# Red Cedar Retaining Wall



## Strazznah (Mar 30, 2012)

I am looking to build a short (less than 3ft tall) retaining wall in my yard. I have an over-abundance of red cedar on my recreational property that I was thinking of harvesting and having cut into 6x6 or 8x8 posts/ties to use as horizontal beams in my retaining wall. How would these hold up to the elements and rot/decay? If I went this route would I need to treat them somehow?


----------



## DavdH (Mar 30, 2012)

old growth red cedar last forever. Perfect use for red cedar.


----------



## imagineero (Mar 31, 2012)

Don't treat or paint/varnish/oil them. Red cedar can certainly last well over 100 years if left to it's own devices. Lots of folks dont realise this and when it loses its lustre (especially as a weatherboard) they will paint or oil it. That starts off a vicious cycle of having to keep doing the same thing. If you leave it alone, it fades and looks shabby for a while, then it silvers and looks quite majestic. Over many years parts of the grain sink into the wood leaving other parts raised whic is a nice look too. You just have to live with it when it initially becomes a little shabby, and resist the temptation to pretty it up.

Shaun


----------



## slowp (Mar 31, 2012)

I disagree. Cedar, and it is Western Red Cedar here, will rot just like other wood if put in contact with the ground untreated. It may just take a bit longer to rot. I tore down a bunch of decking and trailer skirting. It was all cedar as the folks who lived here worked at a cedar mill. Most of it was rotted. I would think you'd at least want something like railroad ties to use. Or figure out how to treat your cedar before using it. But I'm not an expert on that. I just want to say that cedar rots when exposed to rain year after year or the soil. That's why most folks use a sealer on their decks.


----------



## Cody Colston (Mar 31, 2012)

Slowp is correct. Even old-growth, WRC heartwood will not last long in contact with the ground....perhaps five years. Any sapwood will rot quickly.

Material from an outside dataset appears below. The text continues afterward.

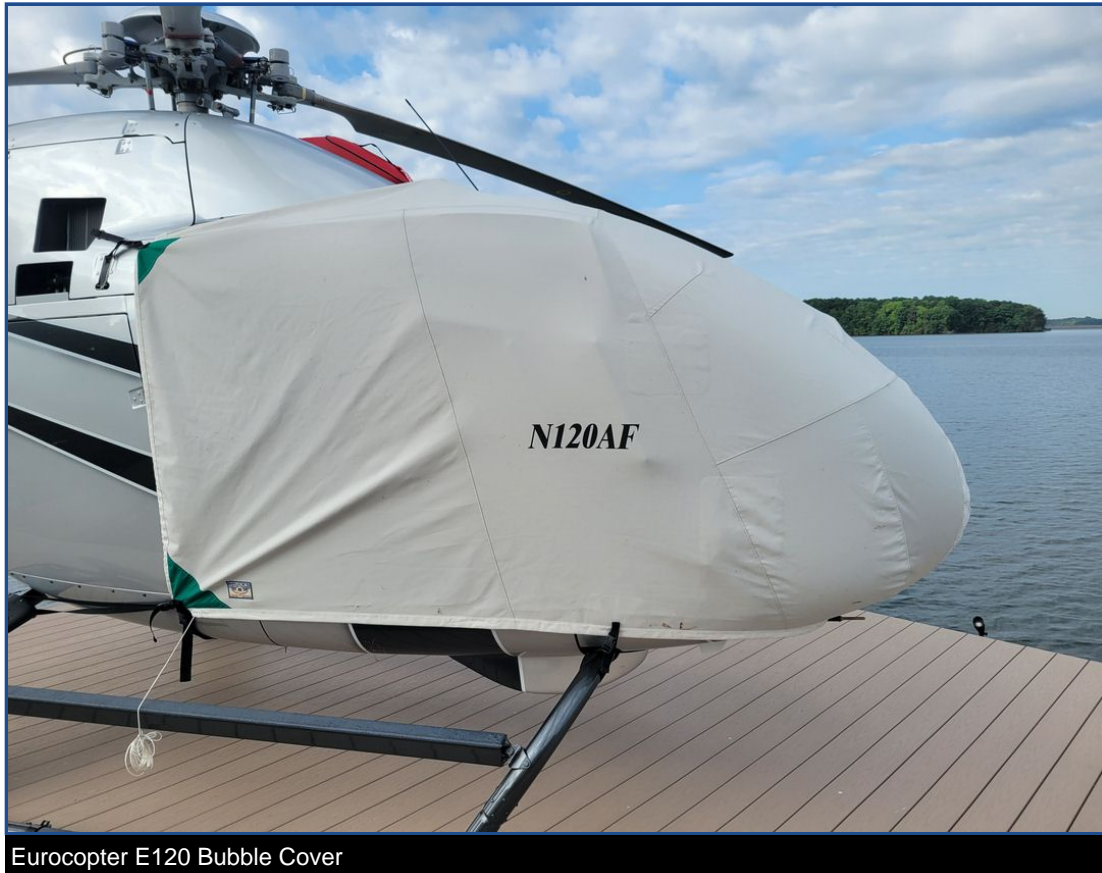
Eurocopter E120 Bubble Cover

This is from the WRCLA (Western Red Cedar Lumber Association) regarding durability.

_ If exposed for prolonged periods to conditions where decay could be a factor, such as where the wood is in contact with the ground, cedar should be treated with suitable wood preservatives. _


----------



## DavdH (Mar 31, 2012)

this is true, I have also dug up Doug-fir barn beams and sills way over a 100 years buried that are still sound. Most of the cedar we got was 100's we cut of years on the ground and still sound. Fast growing any thing will soon rot. Any sap wood will be gone in a few weeks of any species.


----------



## Strazznah (Apr 4, 2012)

*So the consensus is...*

to treat it or use something else? If I was to go this route and treat, is there anything available that I could use (without major investment in equipment) that would make it last as long as commercially treated lumber? What about tarring the sides that would be in contact with the soil? I really like the idea of harvesting wood off of my own property to use, but if it won't work, I don't want to waste the time/money. Thanks to all for the input!


----------



## Big L (Apr 4, 2012)

Strazznah said:


> I am looking to build a short (less than 3ft tall) retaining wall in my yard. I have an over-abundance of red cedar on my recreational property that I was thinking of harvesting and having cut into 6x6 or 8x8 posts/ties to use as horizontal beams in my retaining wall. How would these hold up to the elements and rot/decay? If I went this route would I need to treat them somehow?



Suppose there are a lot a factors that will determine how long your retaining wall will last without treatment ... like soil type, how well the soil drains, whether the sun hits the wall, how well it is built, etc ...

How long do you want it to last? Would 30 years be long enough before a rebuild would be required? I'm not saying your wall would last that long, but suppose it could!!

Came across an old stack of about 30 -40 eastern red cedar trees ranging in size from 10 to 35' that I believe my father harvested sometime around 1980. They were stacked in the woods, and it would appear the rot, or loss of integrity was uniform throughout ... no more rot at ground contact than at the top of the pile. I would say about 80% of each tree was intact.

Go for it Strazzzz


----------